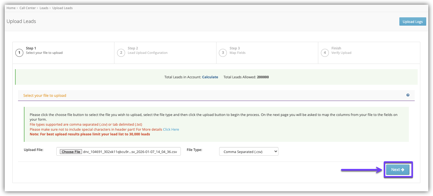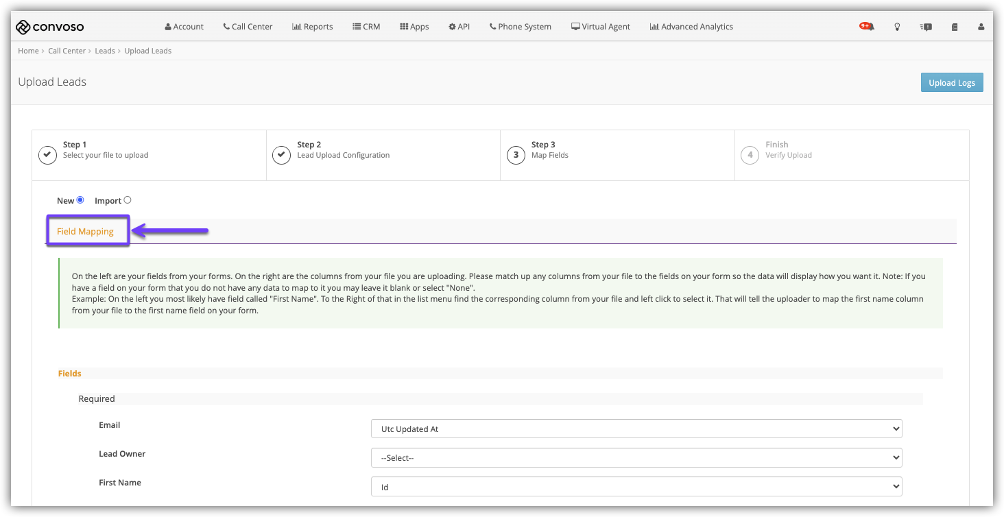 - Called Count: Select the column for Leads Call Count from the List you are uploading.
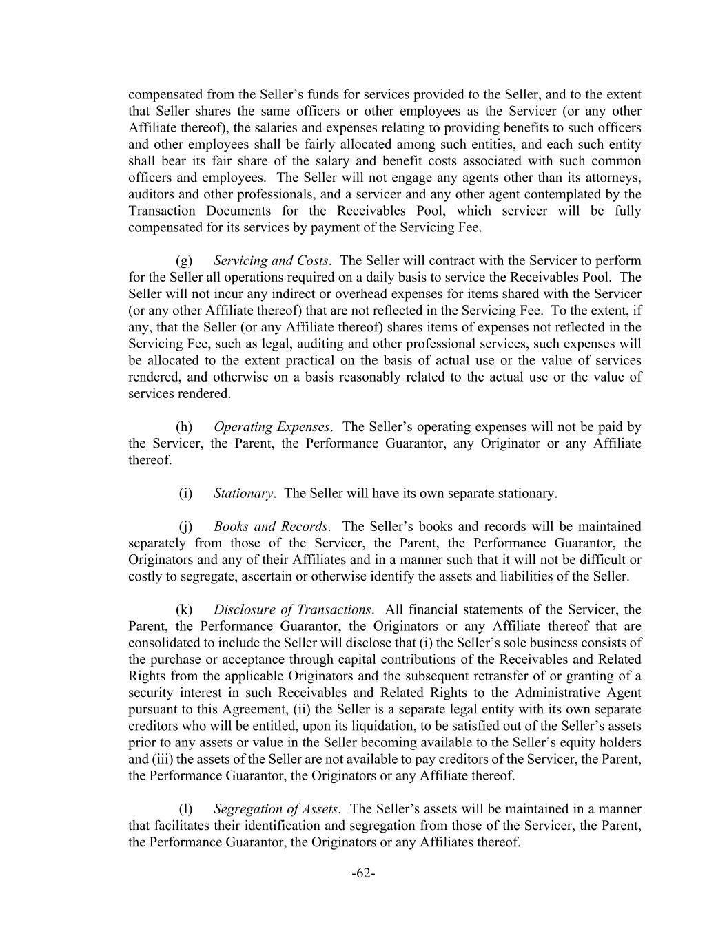 -62- compensated from the Seller’s funds for services provided to the Seller, and to the extent that Seller shares the same officers or other employees as the Servicer (or any other Affiliate thereof), the salaries and expenses relating to providing benefits to such officers and other employees shall be fairly allocated among such entities, and each such entity shall bear its fair share of the salary and benefit costs associated with such common officers and employees. The Seller will not engage any agents other than its attorneys, auditors and other professionals, and a servicer and any other agent contemplated by the Transaction Documents for the Receivables Pool, which servicer will be fully compensated for its services by payment of the Servicing Fee. (g) Servicing and Costs. The Seller will contract with the Servicer to perform for the Seller all operations required on a daily basis to service the Receivables Pool. The Seller will not incur any indirect or overhead expenses for items shared with the Servicer (or any other Affiliate thereof) that are not reflected in the Servicing Fee. To the extent, if any, that the Seller (or any Affiliate thereof) shares items of expenses not reflected in the Servicing Fee, such as legal, auditing and other professional services, such expenses will be allocated to the extent practical on the basis of actual use or the value of services rendered, and otherwise on a basis reasonably related to the actual use or the value of services rendered. (h) Operating Expenses. The Seller’s operating expenses will not be paid by the Servicer, the Parent, the Performance Guarantor, any Originator or any Affiliate thereof. (i) Stationary. The Seller will have its own separate stationary. (j) Books and Records. The Seller’s books and records will be maintained separately from those of the Servicer, the Parent, the Performance Guarantor, the Originators and any of their Affiliates and in a manner such that it will not be difficult or costly to segregate, ascertain or otherwise identify the assets and liabilities of the Seller. (k) Disclosure of Transactions. All financial statements of the Servicer, the Parent, the Performance Guarantor, the Originators or any Affiliate thereof that are consolidated to include the Seller will disclose that (i) the Seller’s sole business consists of the purchase or acceptance through capital contributions of the Receivables and Related Rights from the applicable Originators and the subsequent retransfer of or granting of a security interest in such Receivables and Related Rights to the Administrative Agent pursuant to this Agreement, (ii) the Seller is a separate legal entity with its own separate creditors who will be entitled, upon its liquidation, to be satisfied out of the Seller’s assets prior to any assets or value in the Seller becoming available to the Seller’s equity holders and (iii) the assets of the Seller are not available to pay creditors of the Servicer, the Parent, the Performance Guarantor, the Originators or any Affiliate thereof. (l) Segregation of Assets. The Seller’s assets will be maintained in a manner that facilitates their identification and segregation from those of the Servicer, the Parent, the Performance Guarantor, the Originators or any Affiliates thereof.
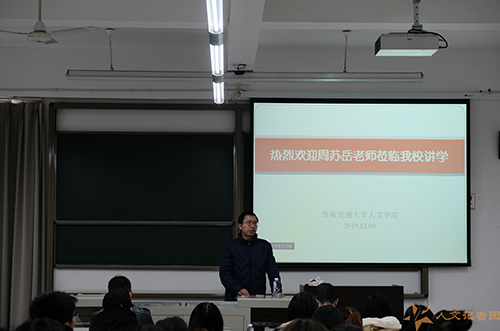 12月5日上午,新葡的京集团8814员工周苏岳先生回归母校,为人文学子们讲述经典影视作品《开国大典》的4K修复重生之路。公司党委书记向仲敏,传播系主任蒋宁平,以及传播系部分专业教师出席了讲座。讲座由蒋宁平主持。
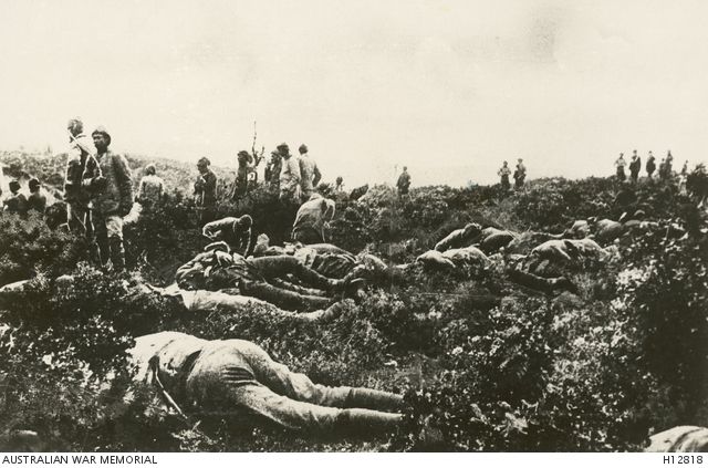 1915 මැයි ගැලිපොලිහිදී මරනයට පත් තුර්කි සහ ඕස්ටේ‍්‍රලියානු සොල්දාදුවන් වලදමා ඇති අයුරු / ඕස්ටේ‍්‍රලියානු යුද ස්මාරක වෙතිනි
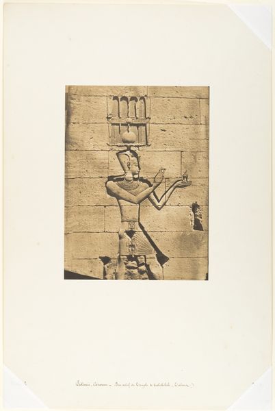 This photograph by Maxime Du Camp shows a bas-relief from the Temple of Kalabsha in Egypt. It was made using the waxed paper negative process. Du Camp was part of a literary circle in France in the mid-nineteenth century and travelled to Egypt with Gustave Flaubert. Like many artists and writers of the time, they were interested in what they saw as the exoticism of the East. The photograph presents an encounter between ancient Egyptian culture and the modernizing world of nineteenth-century Europe. Egypt at this time was under the rule of the Muhammad Ali dynasty, who were eager to modernize the country, with the assistance of European expertise. Du Camp's photographs, like this one, were both artistic and documentary. They provided visual records of monuments and sites. These were used by scholars and the wider public alike, and contributed to a growing European fascination with ancient Egypt. To understand this image better, you might look into histories of photography, the scholarship of Egyptology, and the cultural context of French Orientalism. The meaning of art is always tied to its moment.
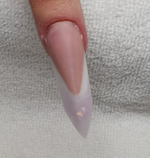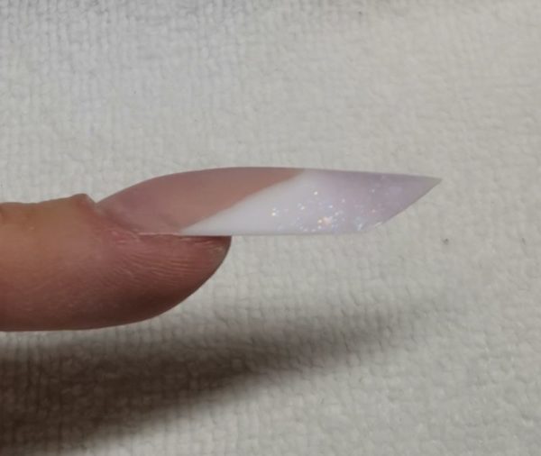 The free edge finished with a sharp tip. Finalise your nail and decorate with nail art and embellishments.
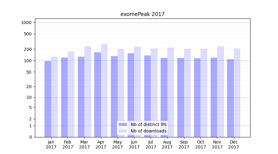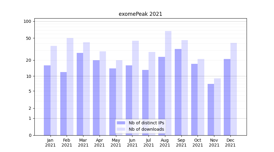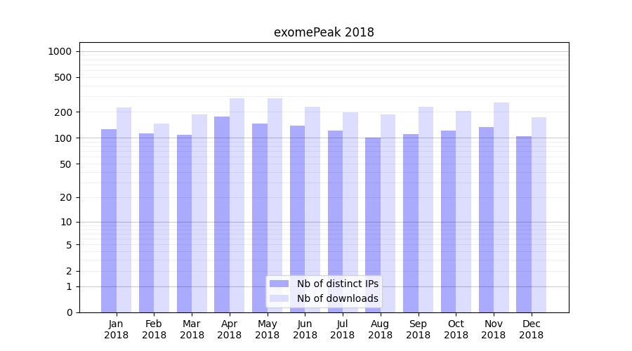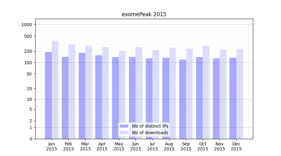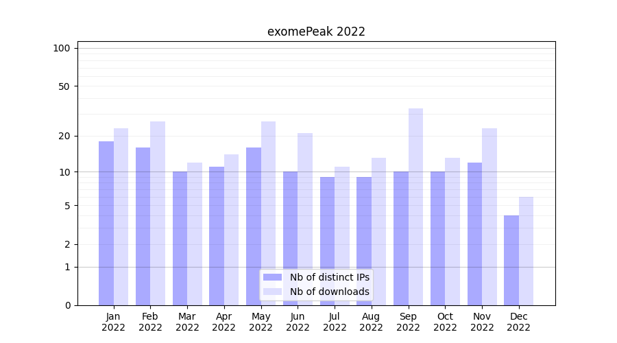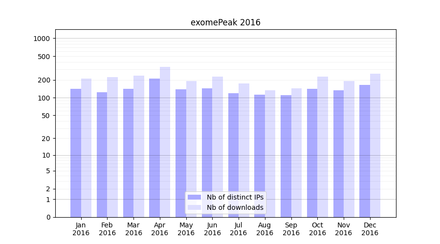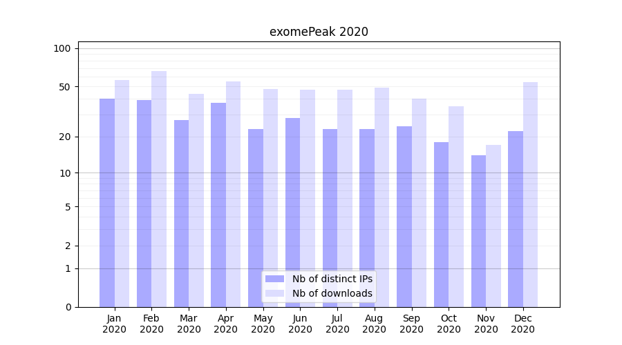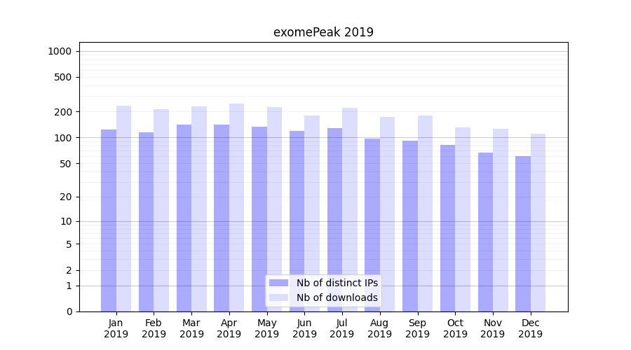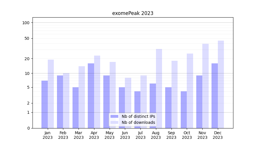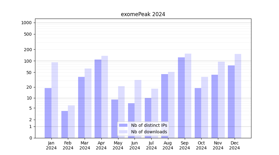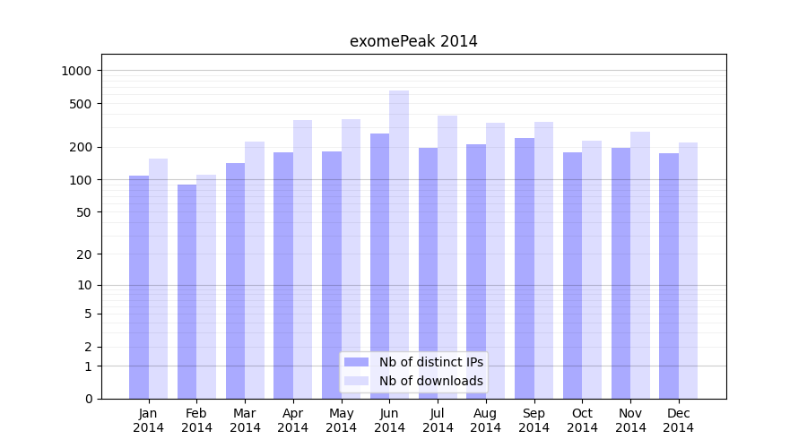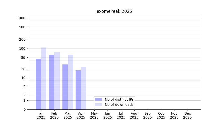 Number of downloads for software package exomePeak, year by year, from 2025 back to 2014 (years with no downloads are omitted):
++++++++++
Restate word for word the lines from the one holding "The free edge" down through the last line of the records above, and do not include the pictures.

 The free edge finished with a sharp tip. Finalise your nail and decorate with nail art and embellishments.
 Number of downloads for software package exomePeak, year by year, from 2025 back to 2014 (years with no downloads are omitted):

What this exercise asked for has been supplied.